I ask as the worst dog owners I know are the ones who can shut their dog out in the garden all day and ignore it. IMO, much more incentive to walk a dog if it is under your feet in a flat or is going to crap all over your carpet if you don't take it out.

I'm not saying it is ideal not to have a garden, but having spent a year in a house with only a yard that my bitches would not with any amount of persuasion go to toilet in and barely spent any time in, I think it is certainly do-able without the dog suffering in any way and whilst so many dogs are being PTS I often can't help thinking that maybe if rescues were a little more flexible in their rehoming policies, more dogs would be able to have homes.

MrsHarkness Sun 06-Jun-10 21:06:56

It is the policy of the three rescues that I have been involved with (all greyhound rescues I can't speak for any other breed rescue), the reasoning behind it is that it will allow the dogs to have a bit of a run around or at least some freedom off lead, as we don't advocate allowing the dog to be off lead in public places.

Greyhounds are sighthounds therefore they can see up to a mile in the distance very very clearly, they are also trained to chase. So the owner may be in an area that they think is safe to let the dog run free as they cant see any wildlife or other pets around, but the dog can see a rabbit or a cat in the distance, once a greyhound sees that there is very little chance of stopping it as it can run at around 40mph and when they are in chase mode they become deaf to all around. Basically when a greyhound gets into chase mode it will chase, catch and kill whatever small furry it has its eyes on, therefore we recommend that you do not allow the dogs free run in public areas. Even some of our keener dogs are advised to be muzzled even when on lead.

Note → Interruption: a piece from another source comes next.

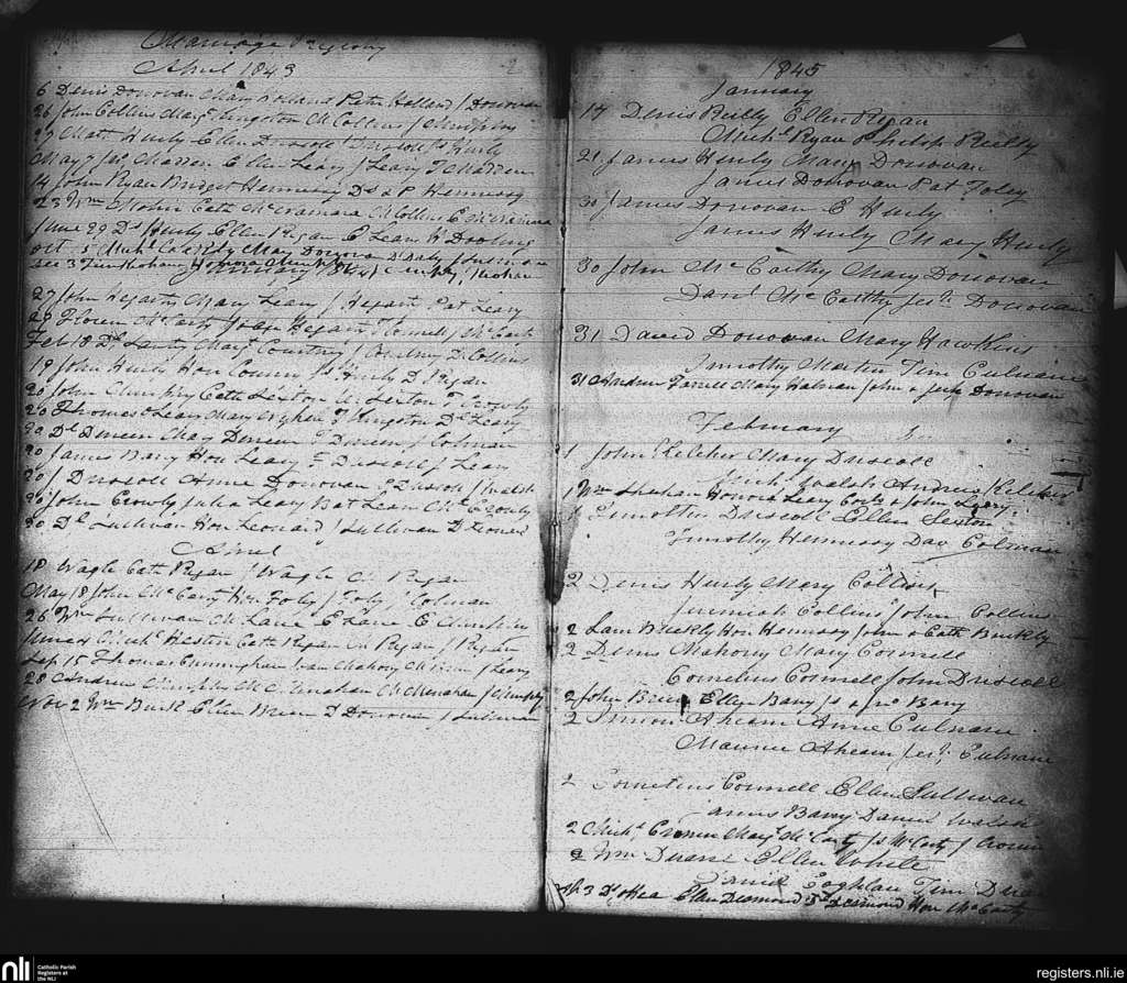 Timoleague; County of Cork; Diocese of Cork and Ross. Marriages, Apr. 1843 to Feb. 1845

I must state that not all greyhounds will automatically chase, I have two greyhounds that live perfectly in harmony with my two cats, but they are in the minority, therefore we prefer our greyhounds to go to a home that has a secure garden.

midori1999 Sun 06-Jun-10 21:14:40

Thankyou for answering.

Greyhounds are a breed I do not know much about, but given your reasoning, I can see why a home without a garden would not be suitable, I do think it is important for all dogs to be able to have some off lead exercise.

CountryGirl2007 Mon 07-Jun-10 12:11:07

Greyhounds can also have good re-call but people I know that have adopted them put muzzles on them before letting them run off-lead, which removes the risk of them catching anything if for some reason their recall doesn't work!

MrsHarkness Mon 07-Jun-10 13:46:36

Im not saying that all greyhounds would chase and not return but the rescues that I have volunteered with don't advocate allowing the dogs off lead, as they know that when a dog gets in *full chase mode* it will become deaf in the process. If someone adopts a greyhound and they go on to let the dog off lead then that is up to them, they deal with the consequences, all we can do is advice them to begin with!

Quodlibet Tue 08-Jun-10 00:45:45

Thanks for all the advice people, really appreciated. Lots to think about. Obviously my main concern is not having a dog in a situation it would be unhappy.

I do think I'd find it hard having a dog you couldn't let off the lead. My old dog is a lurcher with a very greyhound disposition and and she has a very high chase drive, but we managed to get a workable recall and have always been able to let her off in places we thought were safe ie with no roads / livestock. But I do appreciate the problem.

GreyhoundOwner Sat 05-Dec-15 20:51:39

Actually MrsHarkness, you are wrong.
I have a retired greyhound, he lives perfectly fine in our 2 bedroom flat in seaford, England, we have no garden and we live on second floor.
He has been with us for 3 months now and he has had no accidents since his first week, he learnt the stairs perfectly and now walks up and down them like he's known how to all his life.